First, it allows every incoming government to reinterpret how oil rents should be prioritized, with the incentive to use it to its advantage (think of Chavez’s misiones, for example).

Second, it enables the central government to remain as the dominant actor in the economy, making all the key allocation decisions, picking winners and losers and attracting corruption along the way.

Since, in practical terms, we still have infinite hydrocarbon reserves, we’d do well to revise what we are doing with our oil rent situation.

What could be done about it?

We are used to thinking we have to reinvent the wheel every time a public policy problem comes up. Truth is, these challenges are not exclusive to Venezuela, and we could learn certain lessons from other resource-rich countries. Some of the most used ones are:

1) If we want to avoid exposing ourselves to external shocks when oil prices go down –like the one we are in now–, we have to stop thinking we need to spend every dollar that comes in from oil exports. A sovereign fund with stabilization and saving purposes has worked like a charm for other countries.

2) The Constitution must establish where and how oil rents should be spent, instead of leaving it to the magnificent ideas of the next government administration. Many oil countries have a pre-designed mechanism for oil rent distribution; usually something related to retirement pensions, healthcare, education and housing. This allows citizens to count on public benefits indistinctly from what type of government takes office.

3) Smart petrostates separate the state’s interest in oil revenues from operational decision-making. As long as the government in office controls the business, it will have incentives to prioritize political decisions instead of operational and investment decisions.

4) If you don’t want to socialize the risks, you have to encourage locals to make private investments in the national oil sector. Private stakes create a tangible interest in policies that favor the long-term stability of the business; also, it functions as a wealth and job-creating sector.
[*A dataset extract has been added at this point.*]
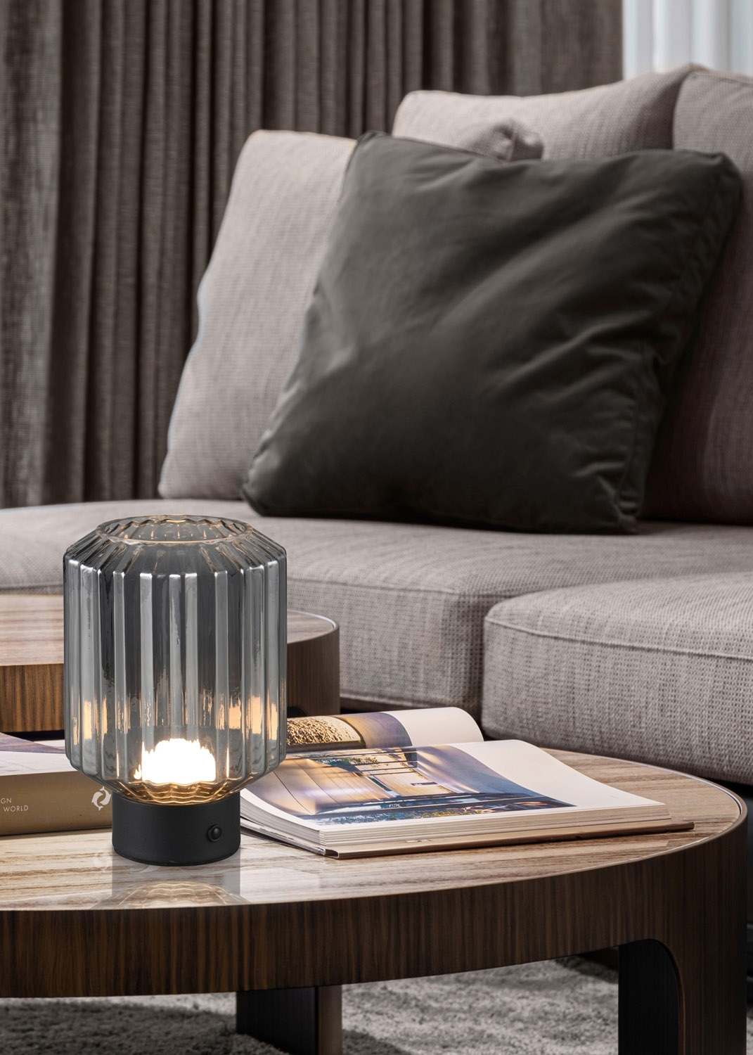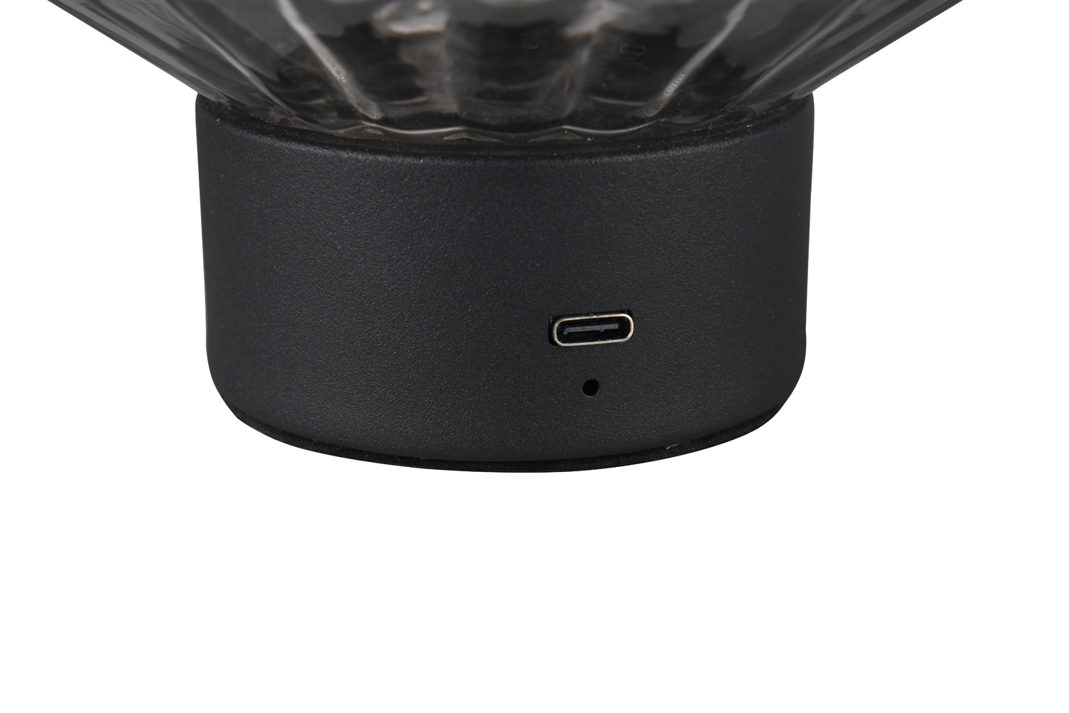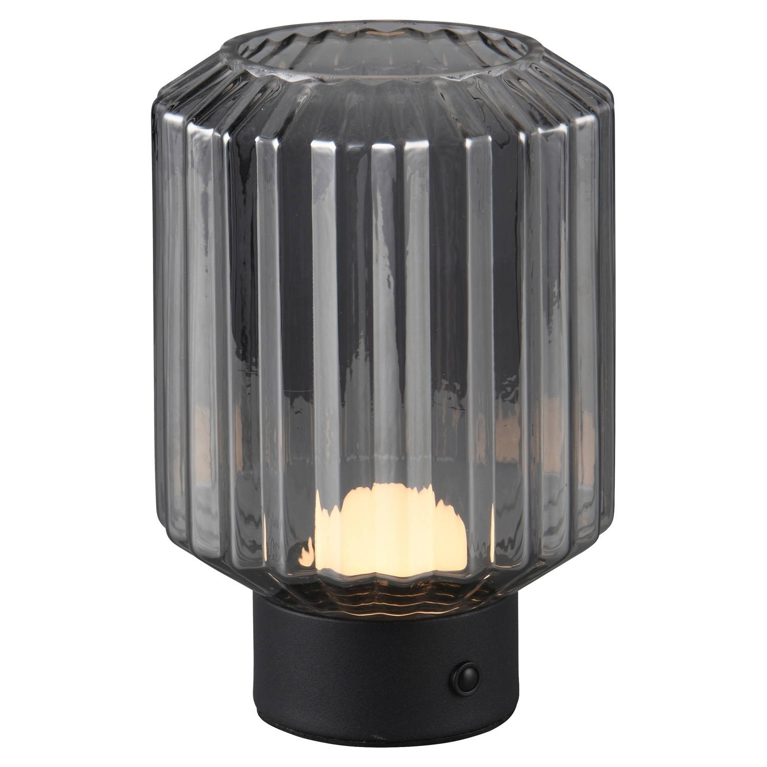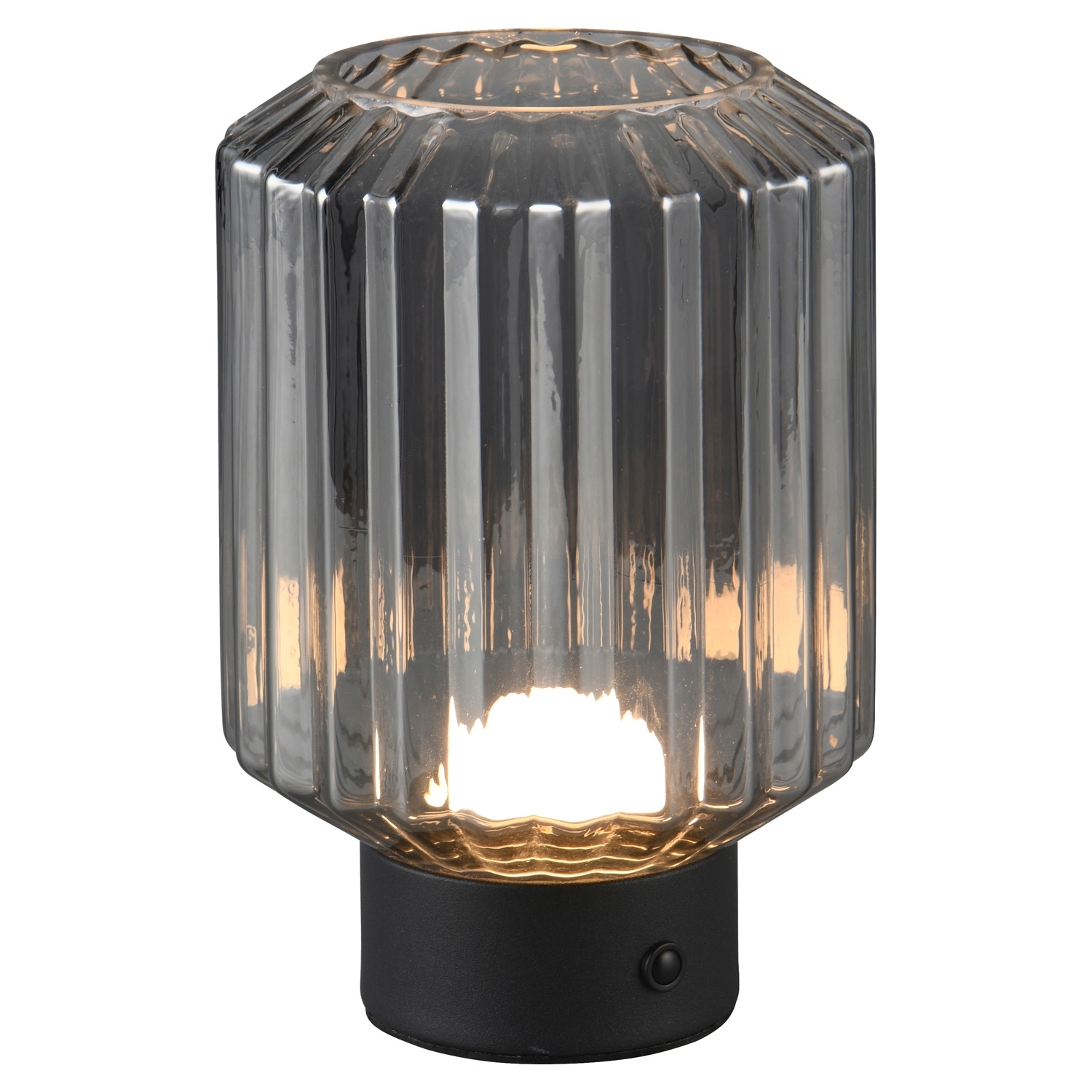 Die Akku LED-Tischlampe LORD von Reality Leuchten kombiniert elegantes Design mit praktischer Funktionalität. Hergestellt aus Metall in schwarz und einem Lampenschirm aus rauchfarbenem Glas strahlt sie zeitlose Eleganz aus. Der wiederaufladbare Akku mit USB-Port und mitgeliefertem Kabel ermöglicht kabellose Beleuchtung und einfaches Aufladen. Die Lampe ist 4-fach dimmbar und verfügt über einen Touchsensor für bequeme Helligkeitsanpassungen. Mit einem Durchmesser von 13 cm und einer Höhe von 19 cm passt sie perfekt auf jeden Tisch oder Nachttisch. Das enthaltene LED-Leuchtmittel bietet eine Leistung von 1,5 Watt, eine warmweiße Farbtemperatur von 3000 Kelvin und eine Helligkeit von 100 Lumen, was für eine angenehme Beleuchtung sorgt. Ob im Wohnzimmer oder Schlafzimmer, die Tischleuchte ist eine stilvolle und praktische Lichtquelle für verschiedene Anlässe.

5) Finally, I’d root out the hideous Sembrar el Petróleo phrase out of the public conversation. Its ambiguity allows for every person to interpret some idealized version of its believes, instead of promoting one concrete and coordinated oil distribution policy for the long-term.

Sembrar el Petróleo might have been a great conversation starter. The idea long since outlived its usefulness. Until we understand the way this slogan has distorted and maimed our thinking on oil policy-making, we’ll keep reliving failed experiences again and again indefinitely.